12th March 2021 by CMIA

S&P Global Platts has announced a partnership with environmental investment company Viridios Capital to use artificial intelligence to bring transparency to the voluntary carbon market.

The move aims to drive price transparency in the rapidly-growing market for greenhouse gas emissions credits — particularly where projects deliver benefits that are additional to the underlying emissions reductions.

“The complex voluntary carbon markets are evolving at a rapid rate,” said Jonty Rushforth, head of price group at Platts, in a statement Feb. 24.
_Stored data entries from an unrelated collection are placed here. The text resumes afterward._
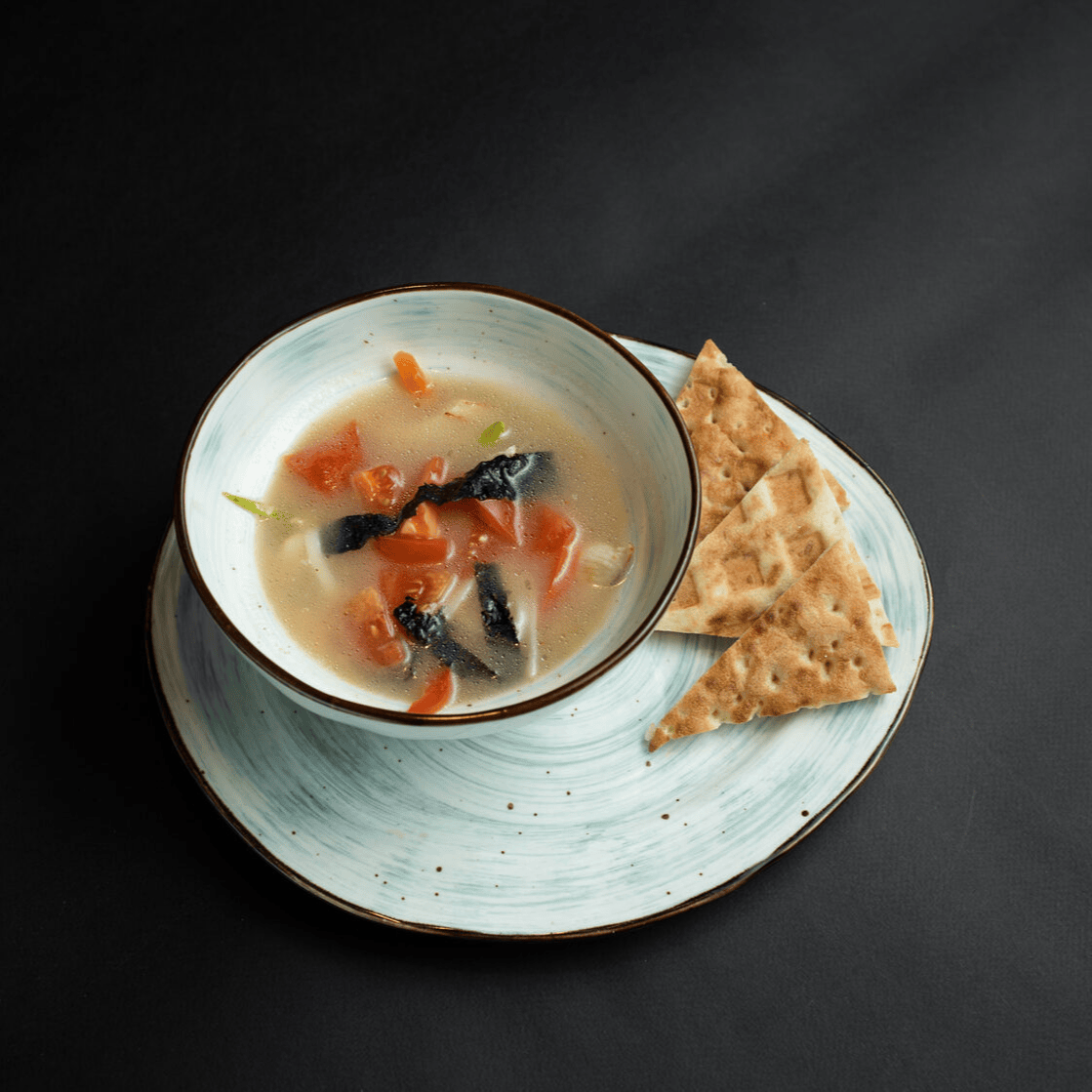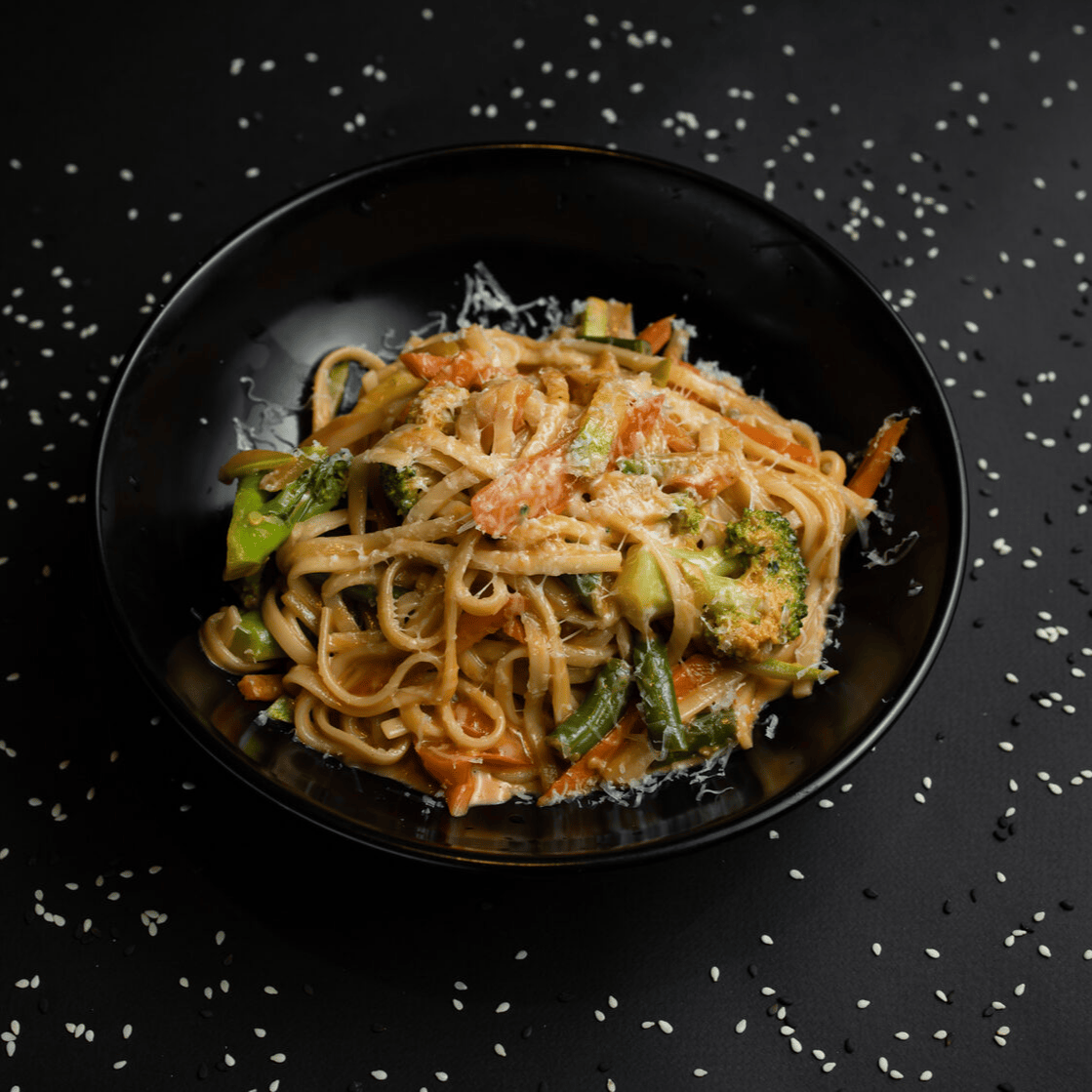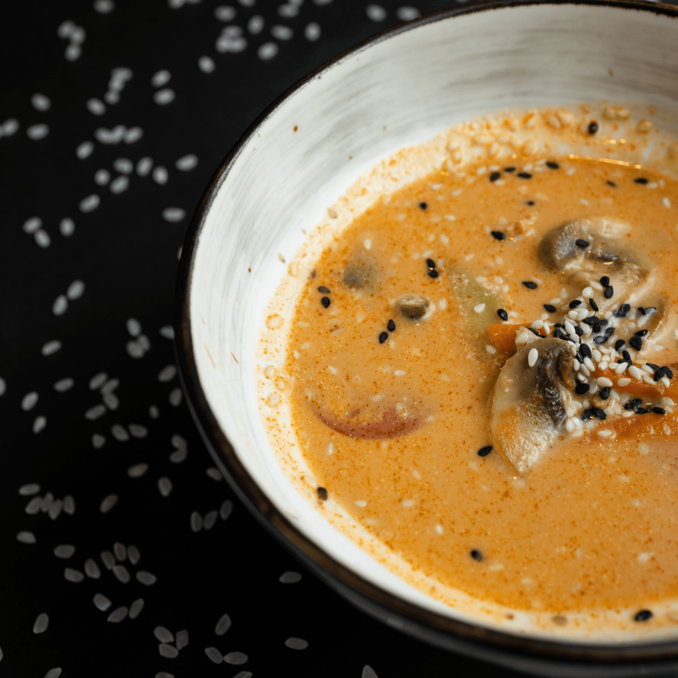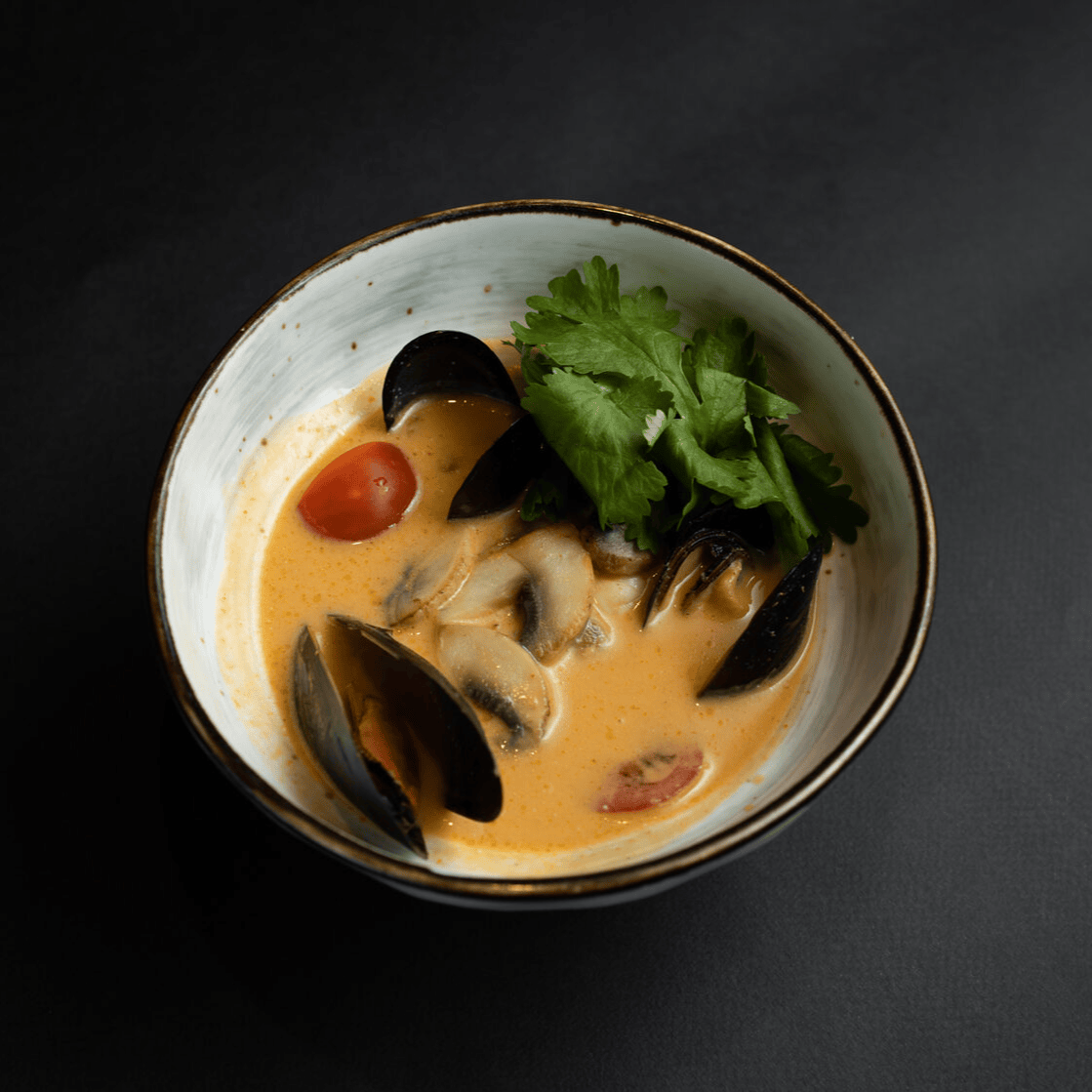 Насыщенный сырный бульон с лапшой, нежным цыпленком, хрустящими грибами эноками, кукурузой,зелёным луком,кунжутом и маринованном яйцом
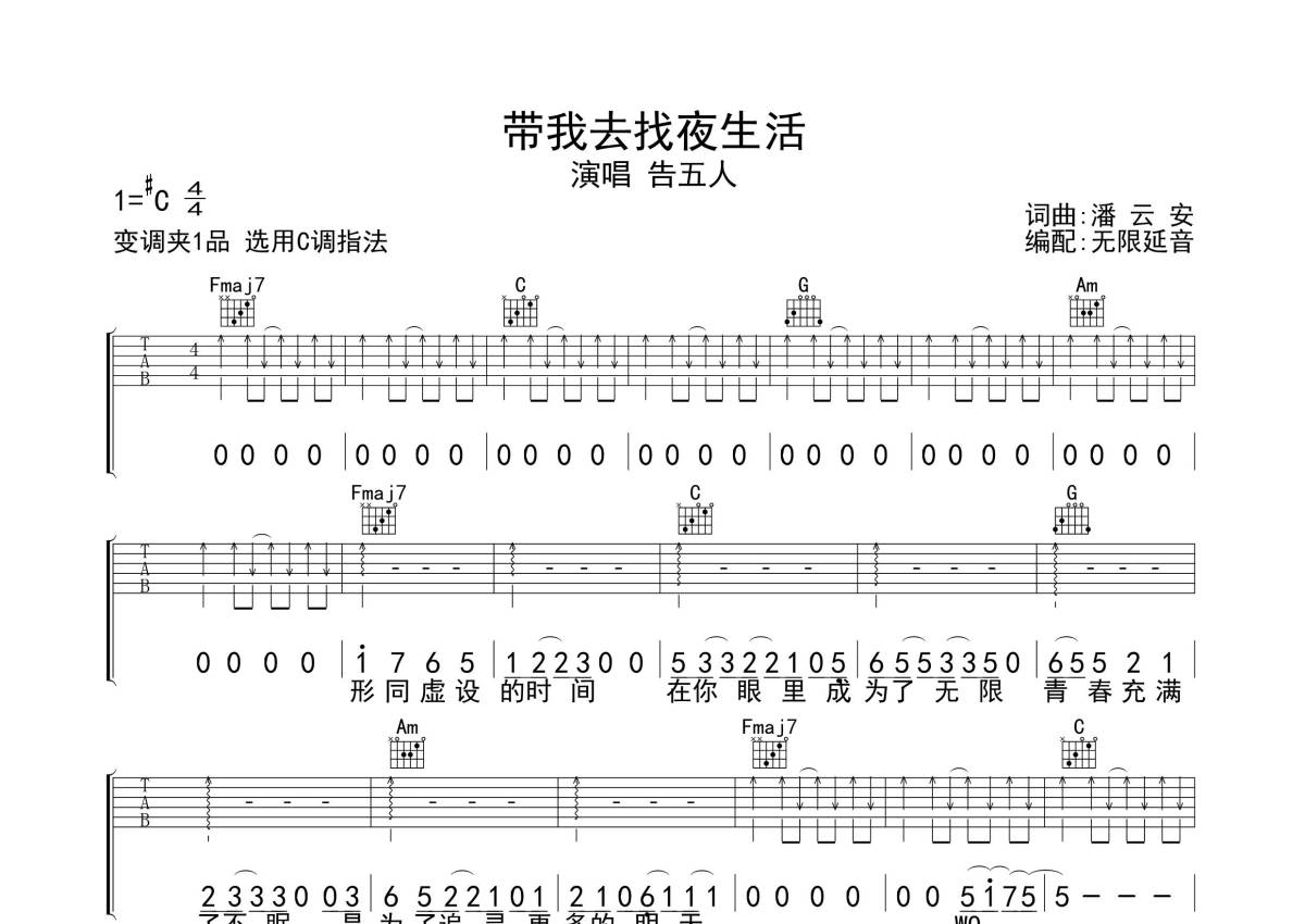 告五人《带我去找夜生活》吉他谱 - C调弹唱六线谱
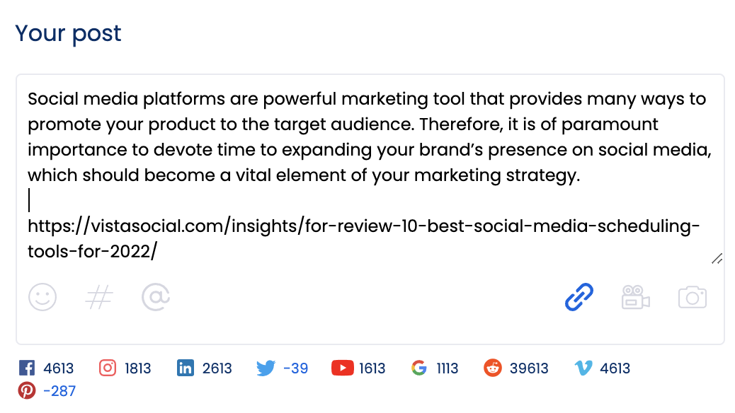 A character counter can be a big help when creating your posts. Vista Social has one built into its publishing tool. It shows the maximum character count in the box below were you add your text (bottom left)when you are creating your post:
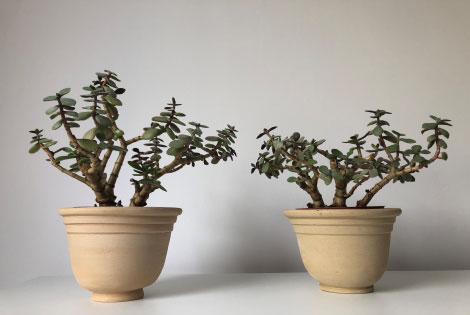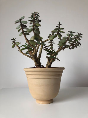 Topf aus gebranntem Ton (Terracotta), handgefertigt, hochwertig, schlicht, elegant, für Innen- und Aussenbereich geeignet.
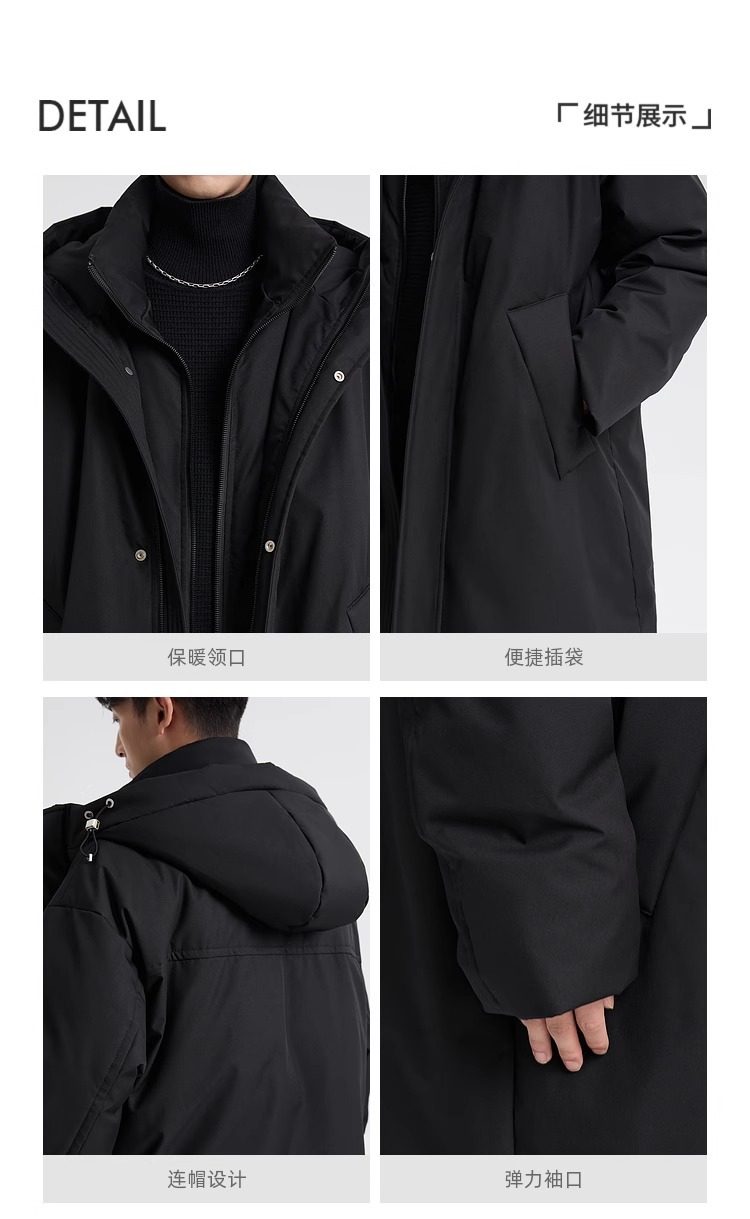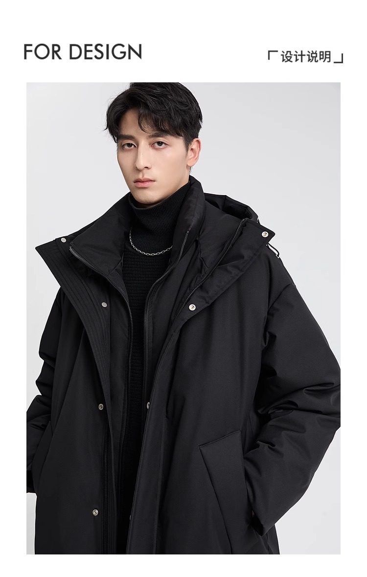 Shopping Mall Style 2024 Winter New High-End Hooded Mid-Length Parka down Jacket Men's Thickeneded Warm Jacket

“Combining Platts robust and trusted price assessment data insight alongside Viridios Capital’s proven environmental AI technology will provide market participants with greater transparency into the market value of voluntary carbon credits and their associated co-benefits,” he said in a statement.

The co-benefits relate to 17 United Nations Sustainable Development Goals, for example gender equality, clean water and biodiversity.

Carbon credits are generated by specific projects that avoid, reduce or remove greenhouse gas emissions, and are verified and validated by a set of independent standards that have been created by coalitions of non-governmental organizations and market participants over the last few decades.

The large number of differentiating factors associated with emissions reduction or removal projects — such as project technology, geography and the UN’s SDGs — present significant challenges in determining the value of the credits they generate.

A robust AI-modelled approach will bring a new level of clarity to voluntary carbon market participants, Platts said.

The two companies signed a memorandum of understanding that will involve a series of AI-driven carbon indices to enhance transparency into the co-benefits that projects deliver, providing market participants with a greater understanding of their market value.

The new indices will leverage environmental AI expertise provided by Viridios Capital, which has been trained on over 20,000 data points representing transactions from across the range of carbon projects around the world.

The model will also include daily inputs from a range of Platts price assessment data to produce evaluations for sets of credits with specified co-benefits including project types, vintages, locations and standards.

The new indices will complement Platts’ growing suite of voluntary carbon price assessments including the Platts CEC, launched in January 2021, which reflects the daily value of CORSIA-eligible carbon credits from the UN’s global aviation carbon offsetting program.

Global demand for carbon offset credits is expected to increase significantly as a growing number of companies and governments are setting targets to cut greenhouse gas emissions to net-zero by 2050.